EXERCISE GOAL:
Of the entries below, return exactly those lines that fall between the one containing "全新 testo 565i" and the one containing "Serenity in motion.", the two end lines included.

EXERCISE MATERIAL:
^^^^^^^^

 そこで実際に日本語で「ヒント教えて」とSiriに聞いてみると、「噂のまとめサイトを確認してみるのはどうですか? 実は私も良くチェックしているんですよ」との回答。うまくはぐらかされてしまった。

^^^^^^^^

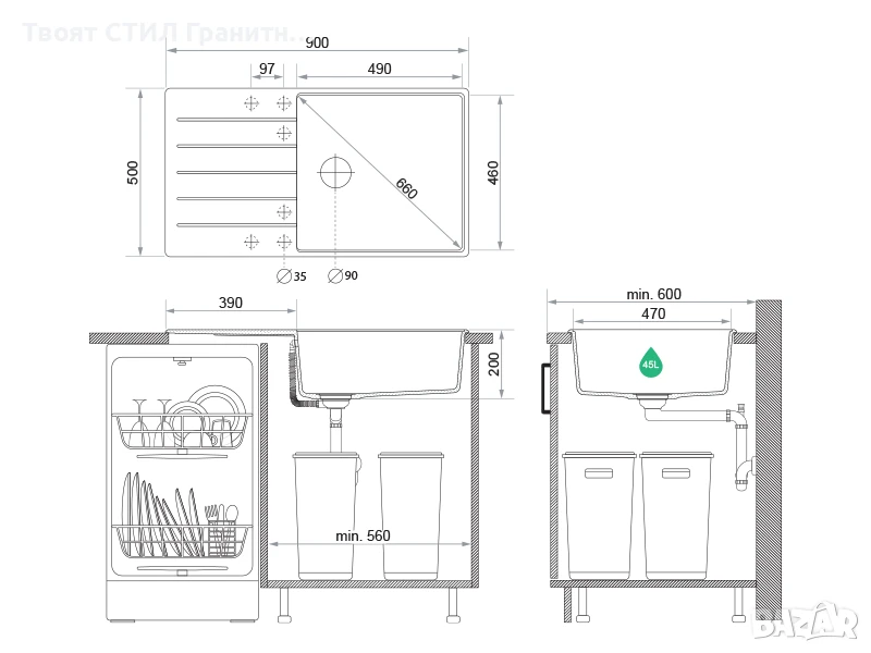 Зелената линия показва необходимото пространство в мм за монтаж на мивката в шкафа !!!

^^^^^^^^

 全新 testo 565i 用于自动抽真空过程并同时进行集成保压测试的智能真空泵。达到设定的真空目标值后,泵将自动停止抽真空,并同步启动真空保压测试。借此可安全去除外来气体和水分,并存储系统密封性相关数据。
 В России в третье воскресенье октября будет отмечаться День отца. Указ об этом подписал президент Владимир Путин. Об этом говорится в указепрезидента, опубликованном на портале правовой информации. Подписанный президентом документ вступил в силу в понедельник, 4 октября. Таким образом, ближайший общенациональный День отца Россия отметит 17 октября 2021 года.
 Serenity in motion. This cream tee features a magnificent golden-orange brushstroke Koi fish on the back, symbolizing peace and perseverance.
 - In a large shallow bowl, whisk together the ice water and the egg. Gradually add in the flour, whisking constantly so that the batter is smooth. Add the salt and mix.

^^^^^^^^

EXERCISE OUTPUT:
 全新 testo 565i 用于自动抽真空过程并同时进行集成保压测试的智能真空泵。达到设定的真空目标值后,泵将自动停止抽真空,并同步启动真空保压测试。借此可安全去除外来气体和水分,并存储系统密封性相关数据。
 В России в третье воскресенье октября будет отмечаться День отца. Указ об этом подписал президент Владимир Путин. Об этом говорится в указепрезидента, опубликованном на портале правовой информации. Подписанный президентом документ вступил в силу в понедельник, 4 октября. Таким образом, ближайший общенациональный День отца Россия отметит 17 октября 2021 года.
 Serenity in motion. This cream tee features a magnificent golden-orange brushstroke Koi fish on the back, symbolizing peace and perseverance.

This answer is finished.